Bart Erhman's basic objection to the traditional authorship of Matthew is the improbability that a Palestinian Jew could write literary Greek. This raises several issues:
i) For many Jews, Greek was their native tongue. Indeed, that was so widespread that it necessitated Greek translations of the OT like the LXX.
ii) "Palestinian Jew" is ambiguous. The fact that Matthew was living in Palestine at the time Jesus summoned him doesn't imply that Matthew was a native of Palestine. As the religious capital of Judaism, Jerusalem was a magnet for Diaspora Jews. There's no presumption that Matthew was born and raised in Palestine just because he happened to be there as an adult when Jesus summoned him.
A textbook example is St. Paul, a bilingual Diaspora Jew who took up residence in Jerusalem–as did his sister (Acts 23:16). Barnabas is another example of a Diaspora Jew living in Palestine (Acts 4:36).
iii) Likewise, Matthew's job as a minor gov't employee doesn't tell us much about his background, aside from the fact that he needed to be bilingual to communicate with Greek-speaking Roman officials (his employers) and Aramaic-speaking Jews.
Paul was a tent-maker. That gives you absolutely no indication regarding Paul's social class or education.
Unless you were an aristocrat, or you were born rich, you had to take what you could get to support yourself.

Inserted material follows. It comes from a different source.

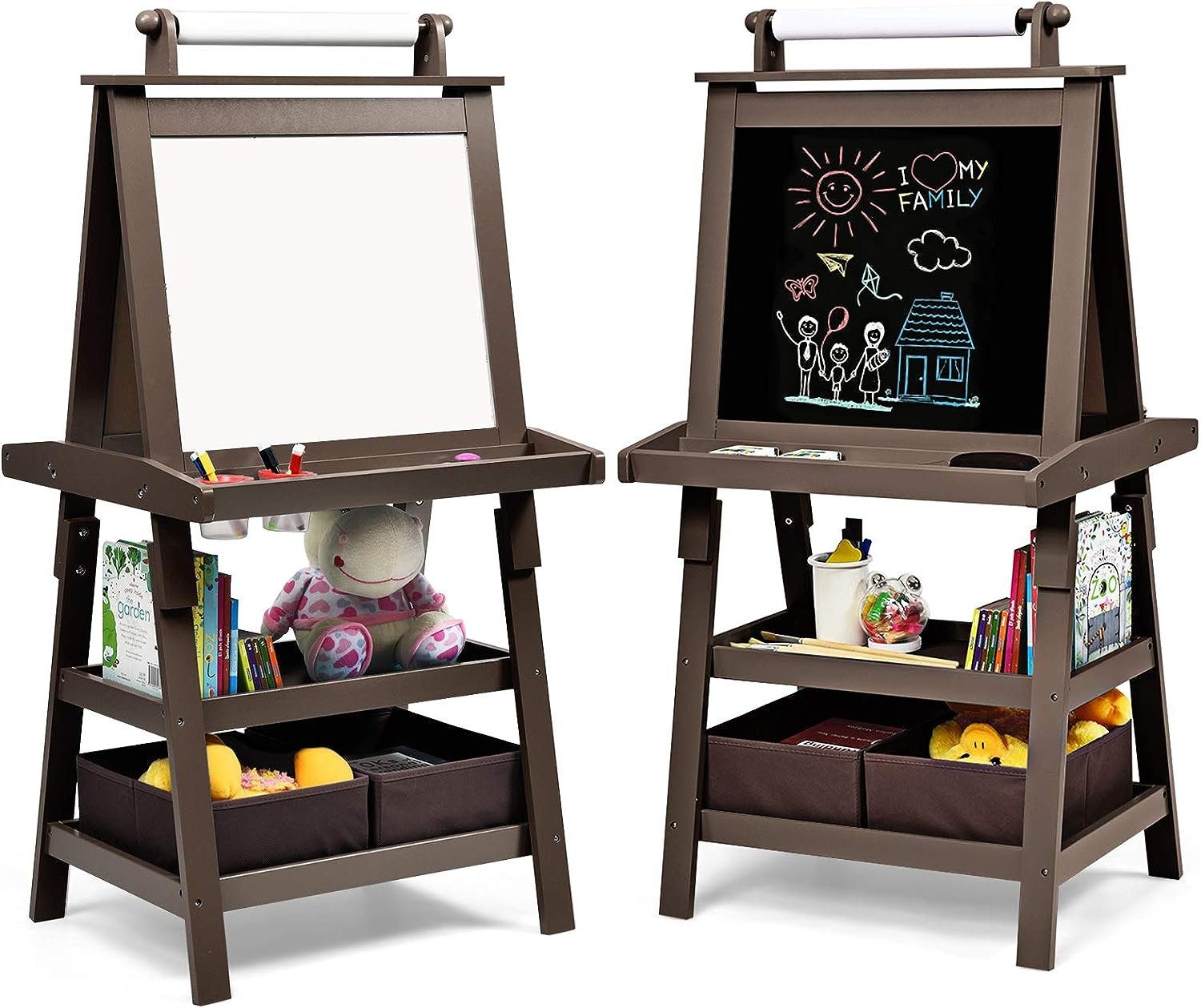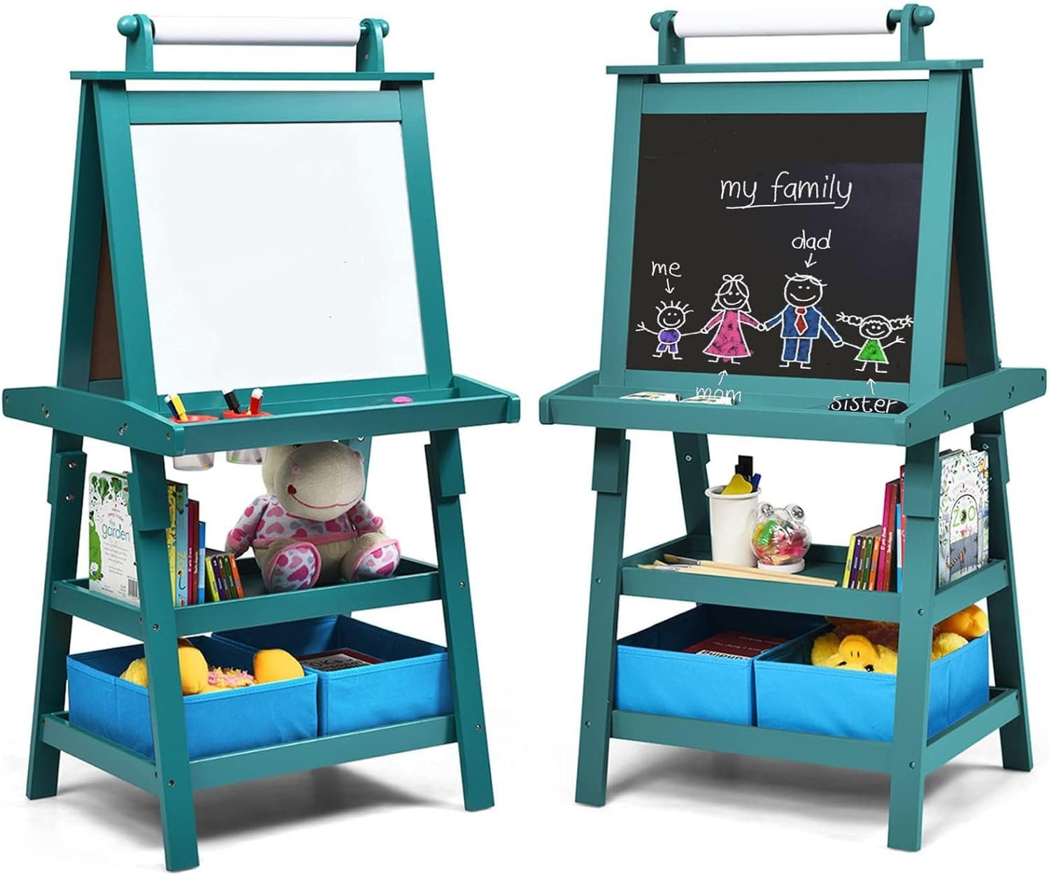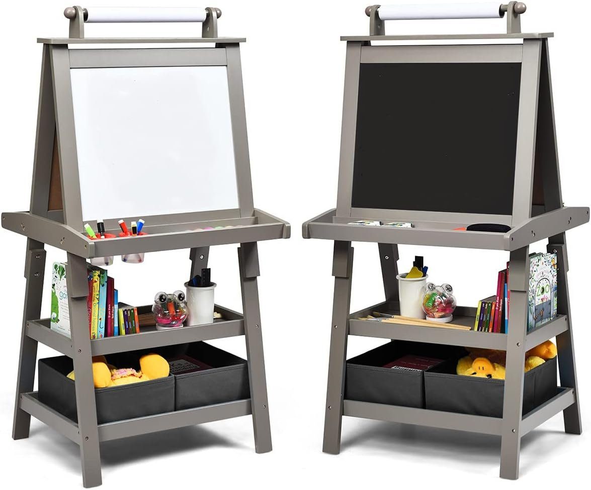 Die Staffelei ist doppelseitig gestaltet, eine Seite ist eine Tafel, die andere ist ein Whiteboard und es gibt auch ein Zeichenpapier. Kinder können nach Belieben darauf schaffen. Die dreieckige Struktur sorgt für die große Stabilität. Unter der Staffelei steht genügenden Platz für Kinder, damit die Malutensilien untergebracht werden.

iv) There are different levels of proficiency in a language. An ability to understand the spoken word. An ability to speak it. Read it. And/or write it.
Suppose Matthew lacked the educational background to compose Greek. He could still dictate to a scribe.
Paul used scribes even though he had the educational background to do his own writing if he wanted to. The fact, moreover, that both Peter (1 Pet 5:12) and Paul used scribes tells you something about the availability of Christian scribes to assist early church leaders.